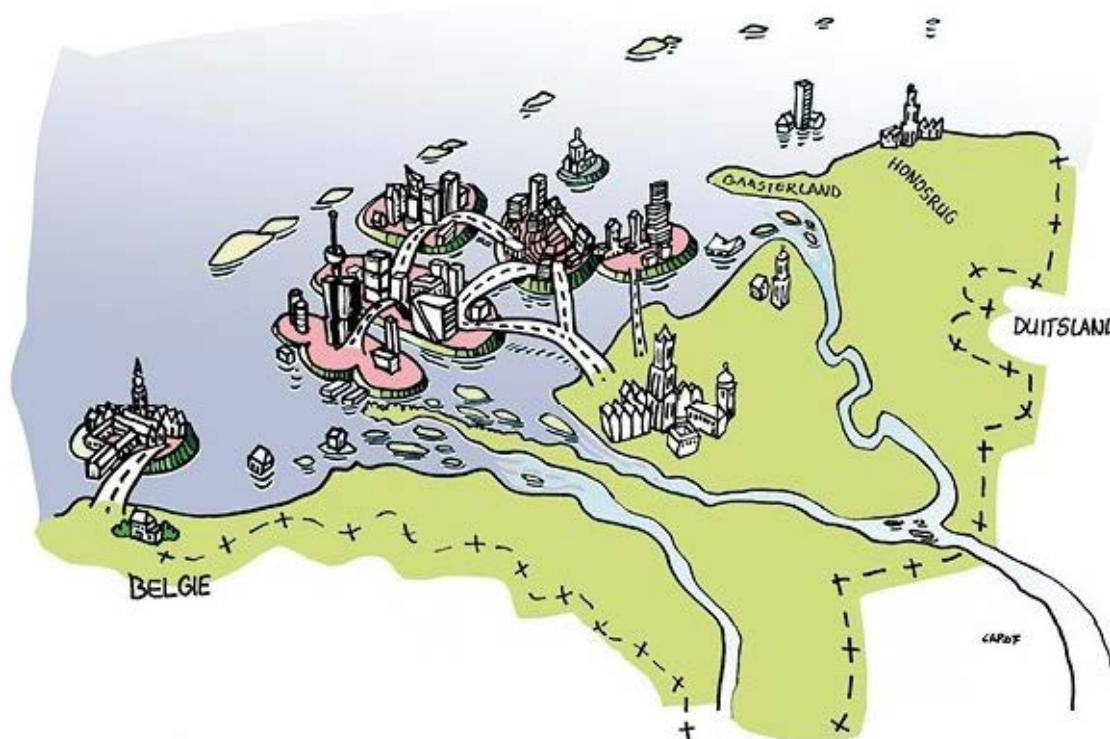
^ Fig. 3 The Meebewegen scenario.

principle of collaborating with nature: Samen werken met water (Working together with water). The report's chief insight is that "The best strategy for keeping the Netherlands safe and pleasantly habitable in the long run is to develop along with climate change. Moving with and making use of natural processes wherever possible leads to solutions to which man and nature can gradually adapt" (Deltacommissie 2008, 39). Repetitions and variations of the idea of collaborative adaptation proliferate: mee-groeien, mee stijgen, mee ontwikkelen, meegaan, and meebewegen (grow with, rise with, develop with, go with, move with).
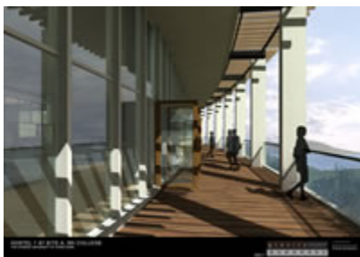
Balcony from Dining Hall
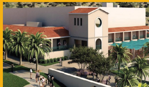
Kinesiology and Vaquero Athletic Complex

Glendale College Foundation (GCC) is rooted in this connected community and committed to overcoming any gap, no matter how wide. With valued input from the Foundation board, the GCC Board of Trustees, faculty, staff, alumni, donors, and other constituents, have created a strategic program with facility funding plans.
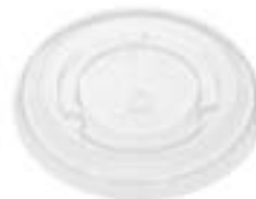
510686 STONE LID PORTION FOR 1.5 - 2.5 OZ 25/100EA
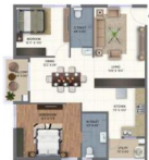
2 BHK EAST 1125 SFT.
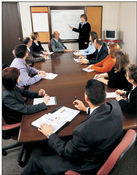
PSS Client Service Executives
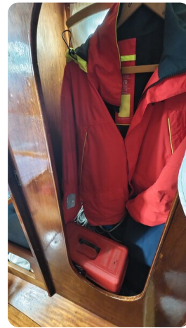
Malö 50_msp776556 12
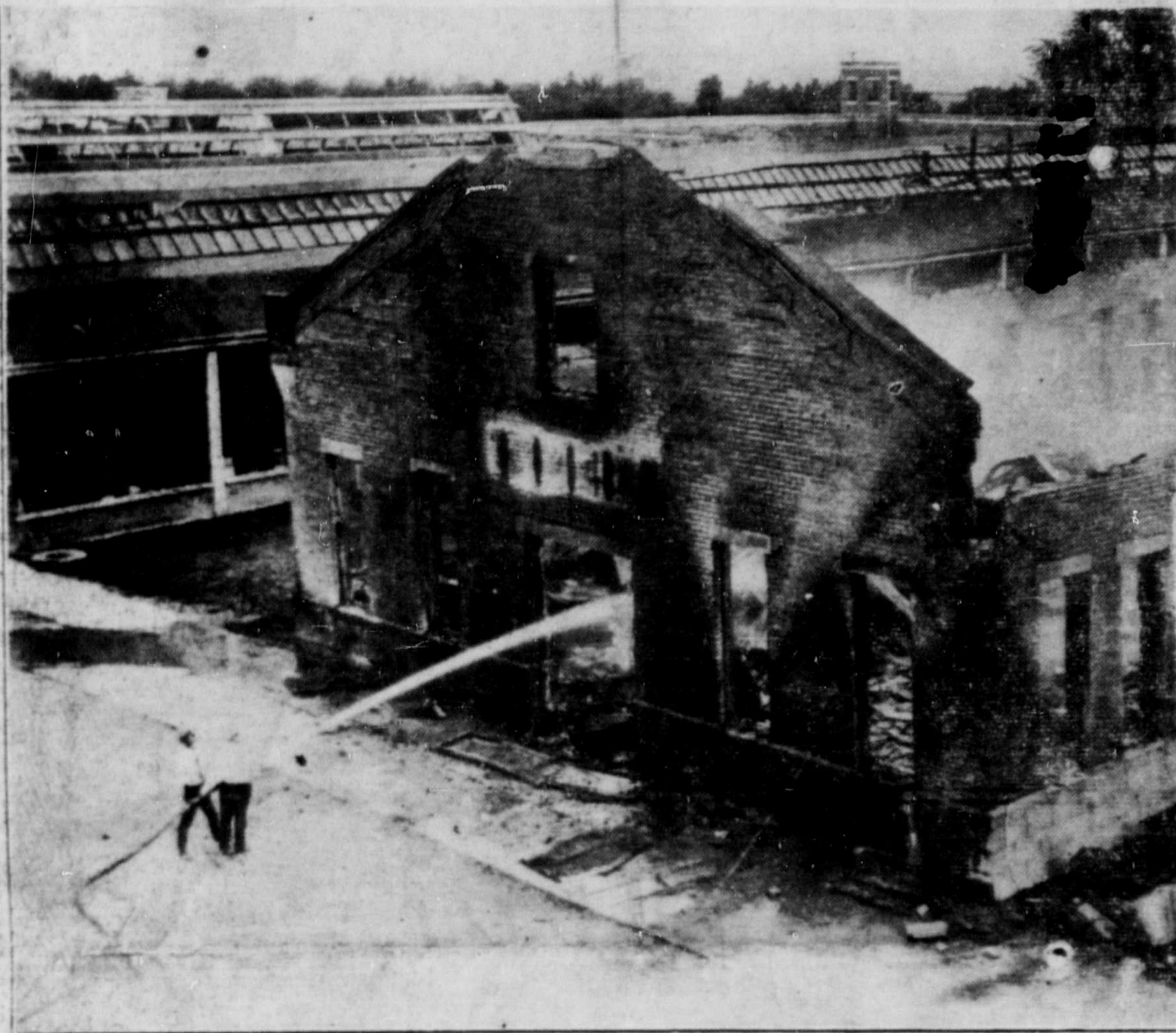
Firemen putting out the flames after the printing shop of the State Reformatory at Pontiac, Ill., was set afire when the 2,400 inmates attempted a mass escape that resulted in the death of one convict and the wounding of twenty-four.

**Exercise goal**
"510686 STONE LID" marks the first line to be returned; return exactly that line and every line after it through the last line of the listing, omitting pictures.

**Solution for this exercise**
510686 STONE LID PORTION FOR 1.5 - 2.5 OZ 25/100EA
2 BHK EAST 1125 SFT.
PSS Client Service Executives
Malö 50_msp776556 12
Firemen putting out the flames after the printing shop of the State Reformatory at Pontiac, Ill., was set afire when the 2,400 inmates attempted a mass escape that resulted in the death of one convict and the wounding of twenty-four.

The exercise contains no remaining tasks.